> **Exercise details**
Please set down exactly the lines from the one that contains "This is a large, beautiful" through the end of the material, leaving out every picture.

───── Data for this task ─────

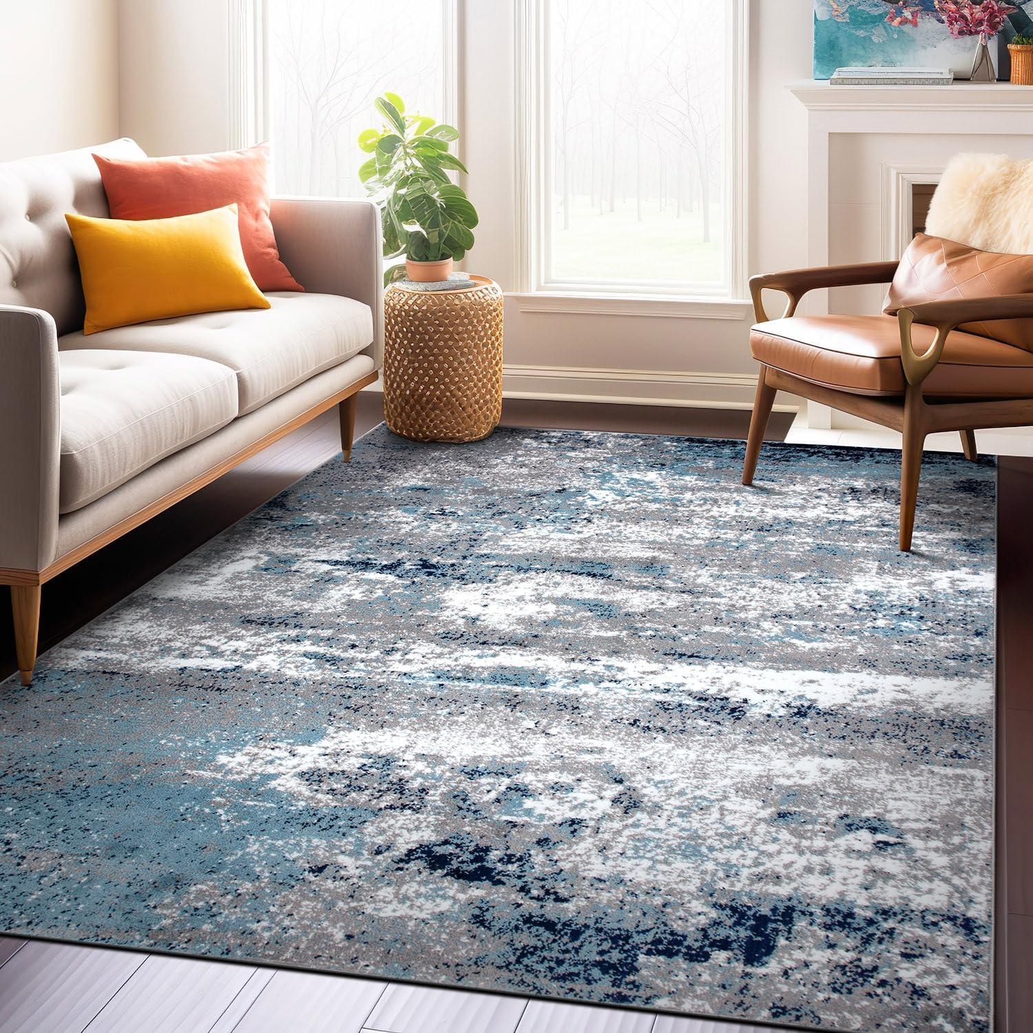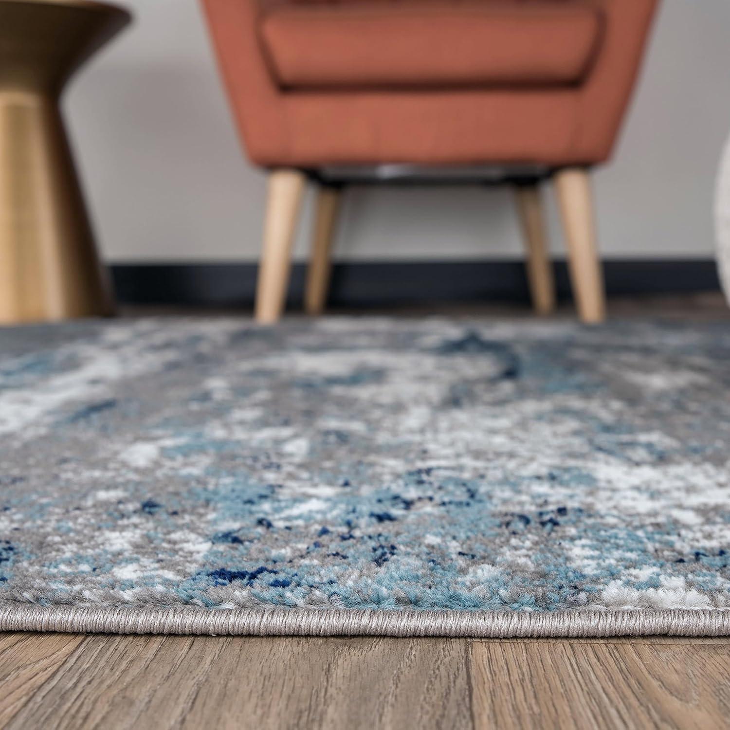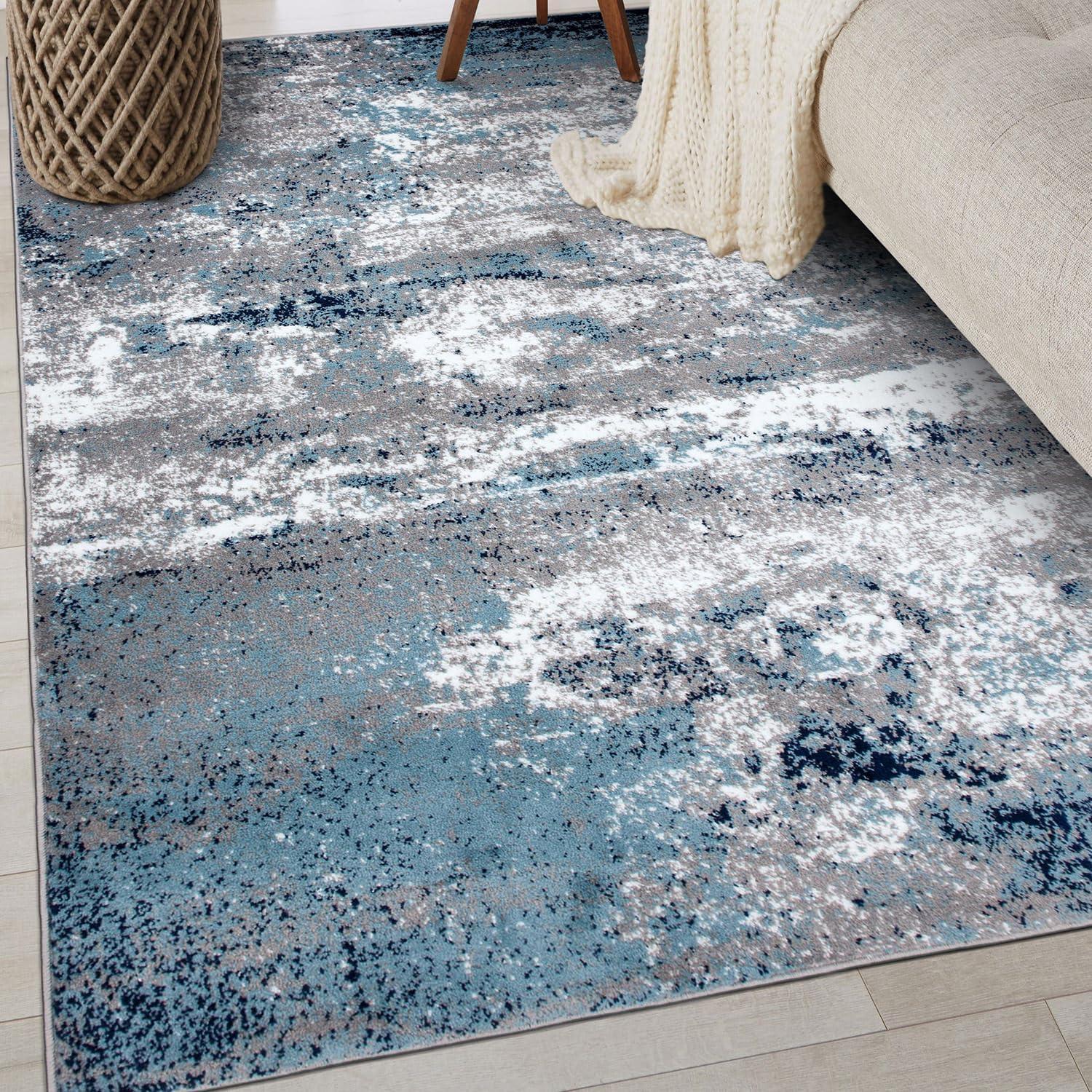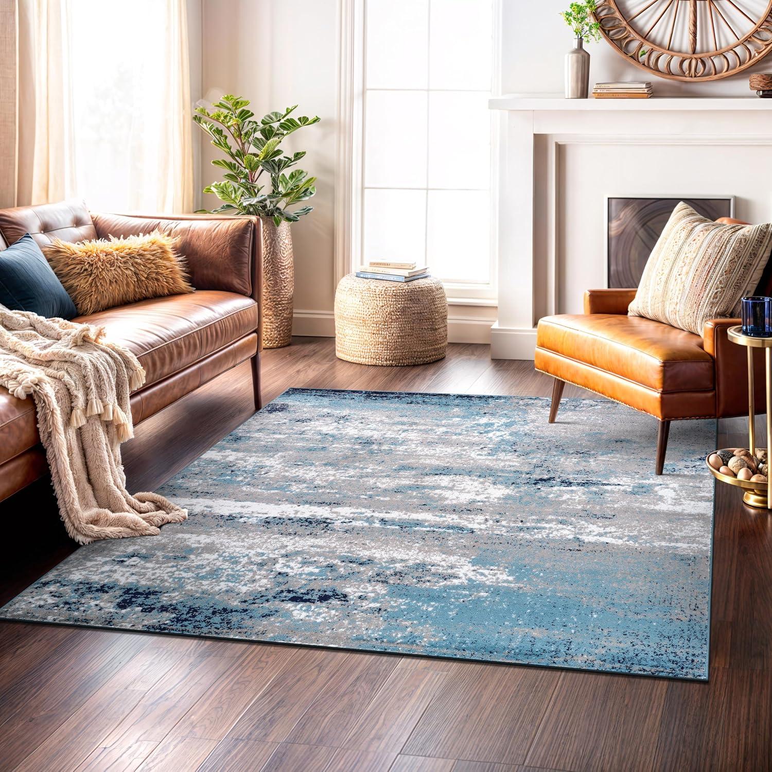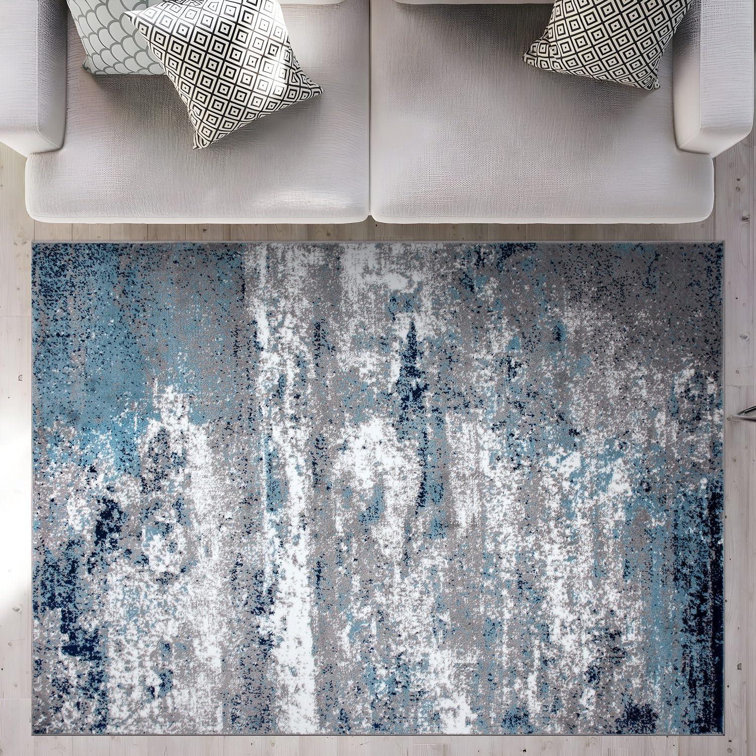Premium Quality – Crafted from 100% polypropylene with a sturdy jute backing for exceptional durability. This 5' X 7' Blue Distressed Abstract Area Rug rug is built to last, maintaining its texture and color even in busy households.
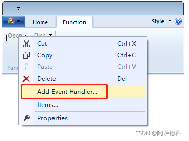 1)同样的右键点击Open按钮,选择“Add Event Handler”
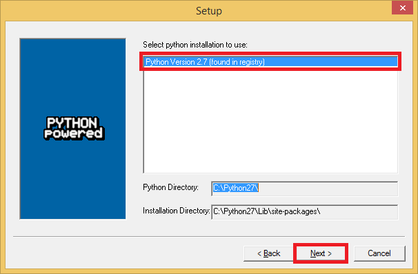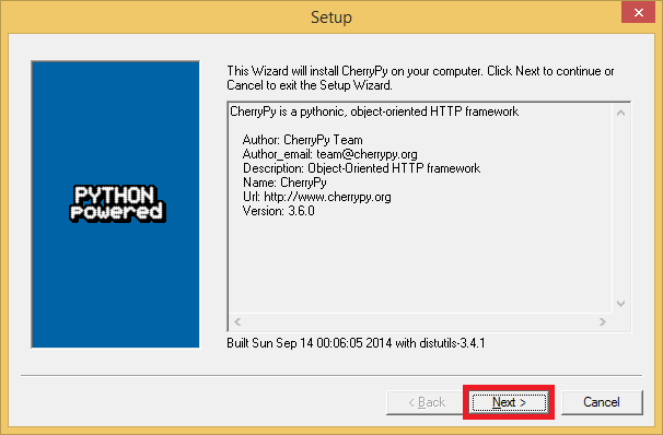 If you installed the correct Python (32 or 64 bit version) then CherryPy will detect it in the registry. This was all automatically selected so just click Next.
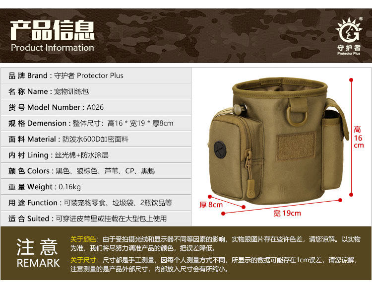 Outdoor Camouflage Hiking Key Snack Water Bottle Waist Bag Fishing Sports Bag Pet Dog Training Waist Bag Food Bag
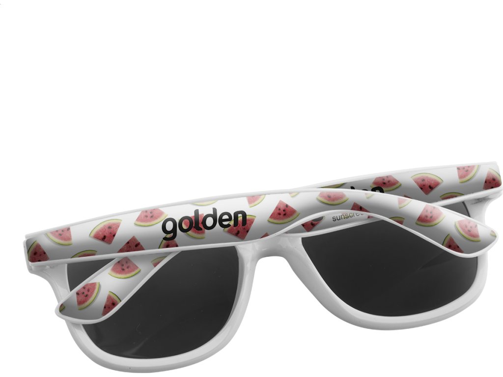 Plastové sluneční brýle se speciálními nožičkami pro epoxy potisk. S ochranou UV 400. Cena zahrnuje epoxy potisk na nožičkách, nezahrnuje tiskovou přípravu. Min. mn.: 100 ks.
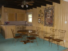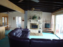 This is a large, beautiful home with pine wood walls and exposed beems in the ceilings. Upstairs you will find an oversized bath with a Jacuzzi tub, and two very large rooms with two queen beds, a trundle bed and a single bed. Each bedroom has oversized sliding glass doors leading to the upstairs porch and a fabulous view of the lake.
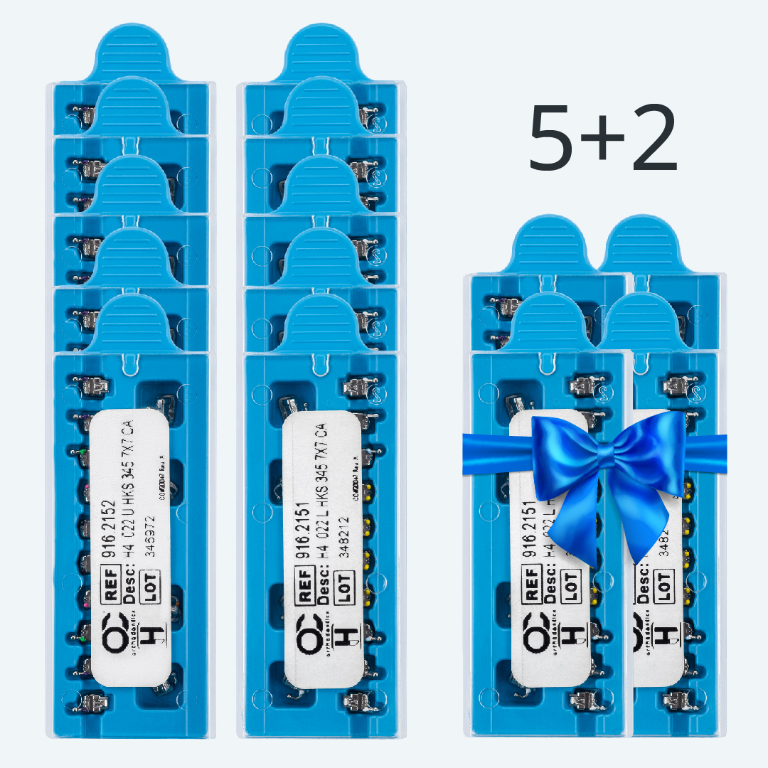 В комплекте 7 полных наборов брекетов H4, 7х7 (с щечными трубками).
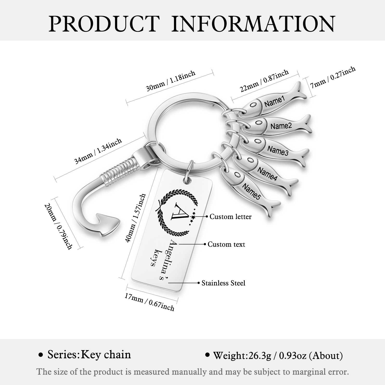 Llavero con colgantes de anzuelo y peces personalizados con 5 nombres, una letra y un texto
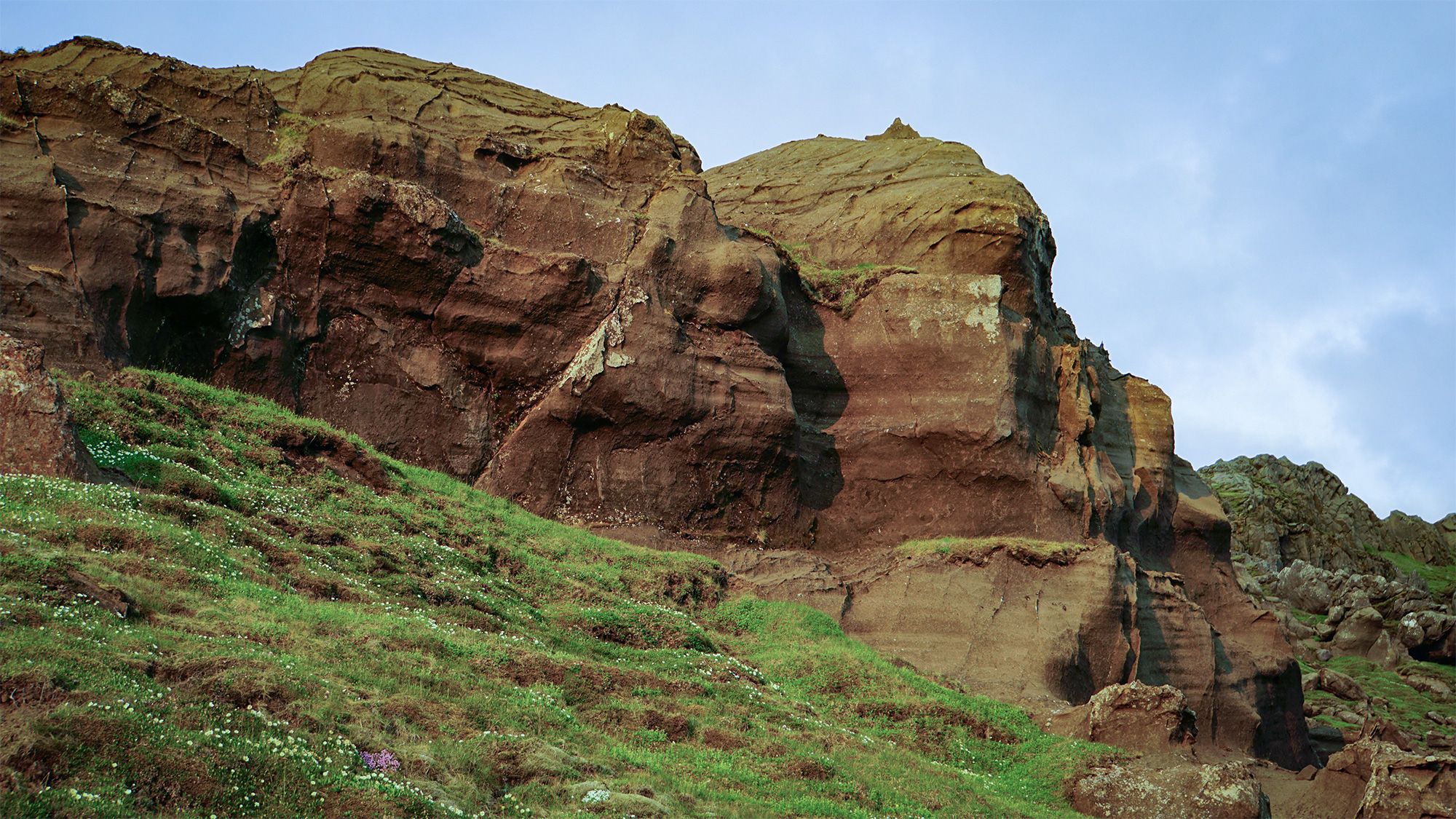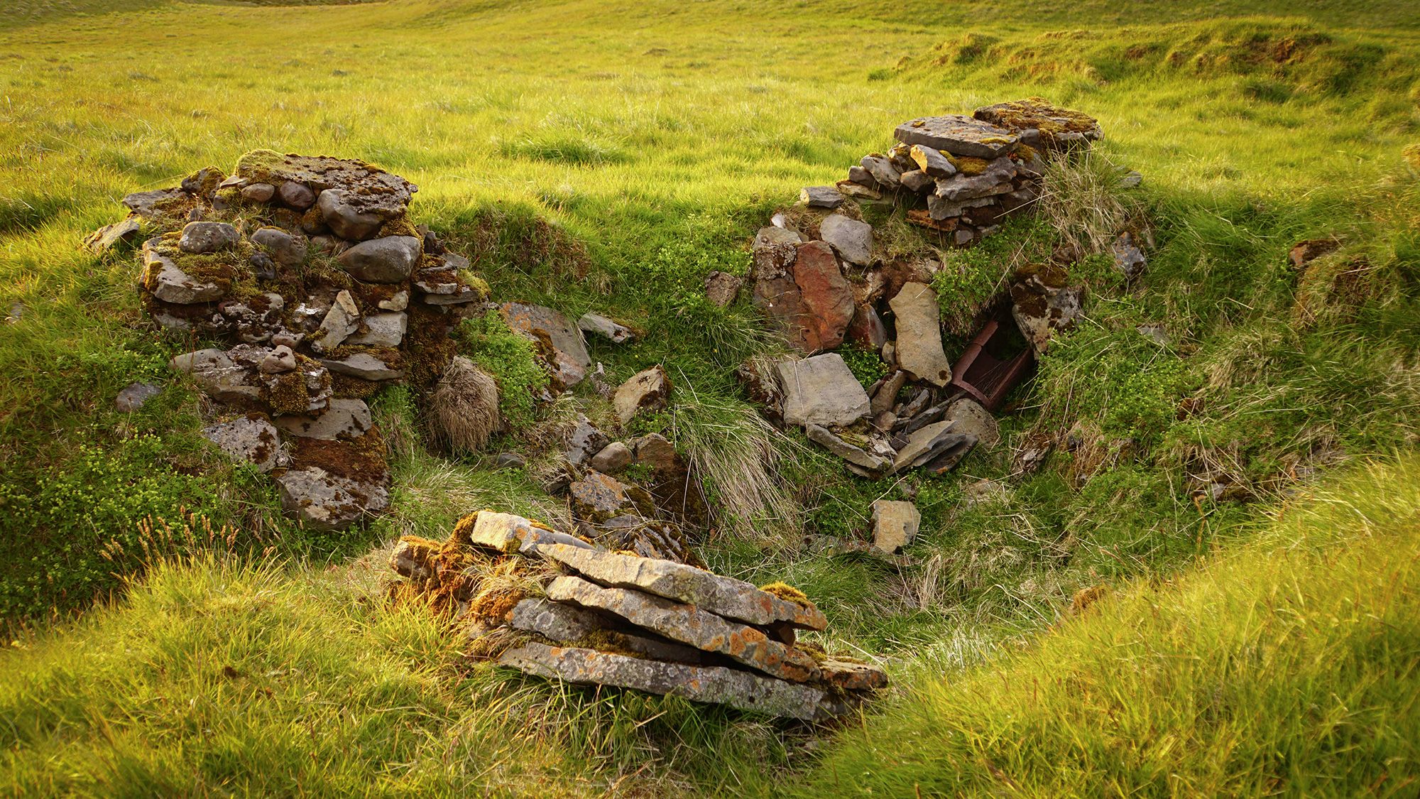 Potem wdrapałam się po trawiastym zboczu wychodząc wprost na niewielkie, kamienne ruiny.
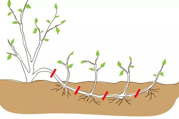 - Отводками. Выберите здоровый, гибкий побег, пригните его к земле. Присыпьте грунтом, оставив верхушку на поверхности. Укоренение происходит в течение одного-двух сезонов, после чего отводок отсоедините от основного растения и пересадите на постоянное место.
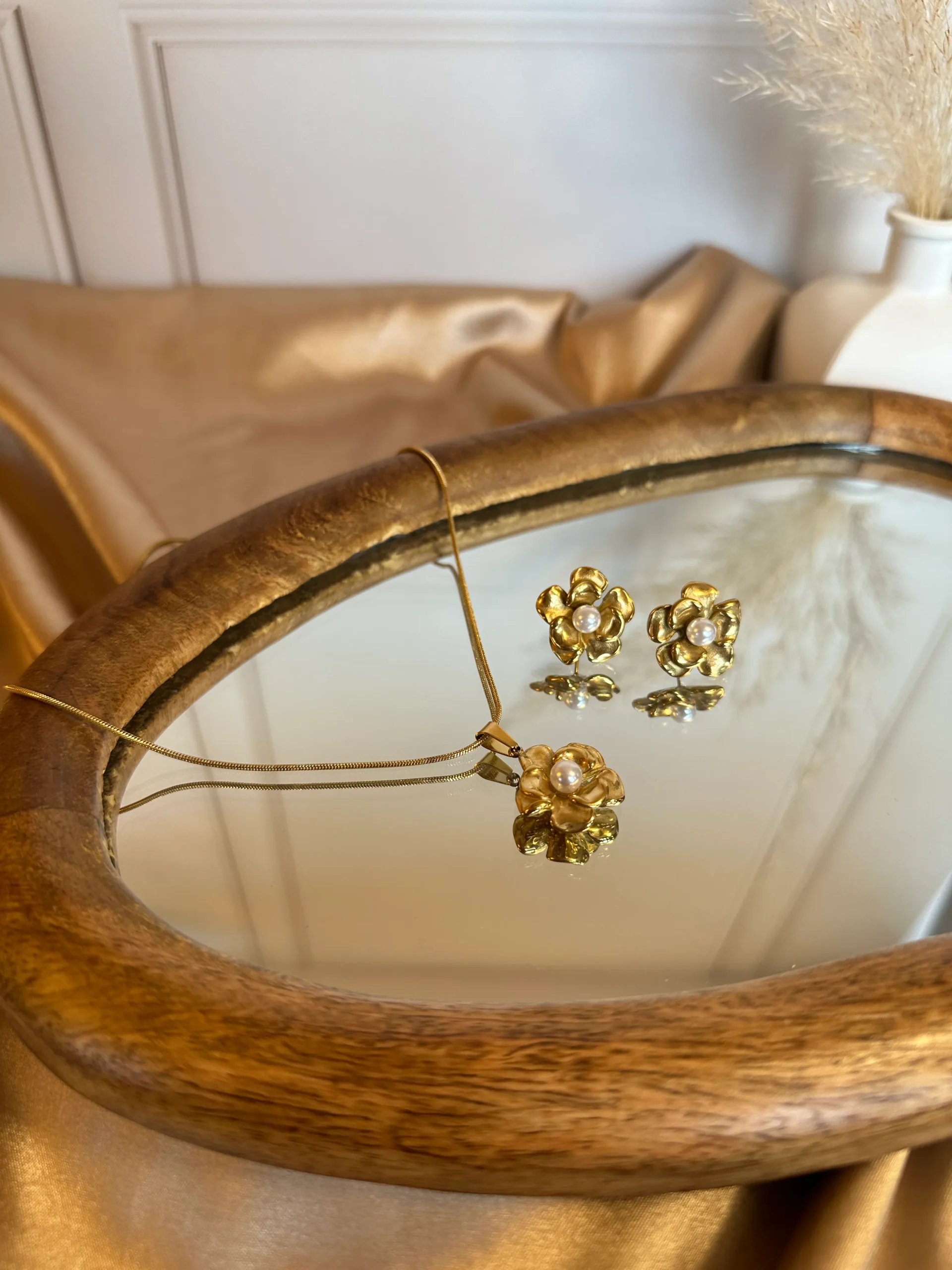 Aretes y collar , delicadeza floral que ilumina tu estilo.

─────

> **Answer section**
 This is a large, beautiful home with pine wood walls and exposed beems in the ceilings. Upstairs you will find an oversized bath with a Jacuzzi tub, and two very large rooms with two queen beds, a trundle bed and a single bed. Each bedroom has oversized sliding glass doors leading to the upstairs porch and a fabulous view of the lake.
 В комплекте 7 полных наборов брекетов H4, 7х7 (с щечными трубками).
 Llavero con colgantes de anzuelo y peces personalizados con 5 nombres, una letra y un texto
 Potem wdrapałam się po trawiastym zboczu wychodząc wprost na niewielkie, kamienne ruiny.
 - Отводками. Выберите здоровый, гибкий побег, пригните его к земле. Присыпьте грунтом, оставив верхушку на поверхности. Укоренение происходит в течение одного-двух сезонов, после чего отводок отсоедините от основного растения и пересадите на постоянное место.
 Aretes y collar , delicadeza floral que ilumina tu estilo.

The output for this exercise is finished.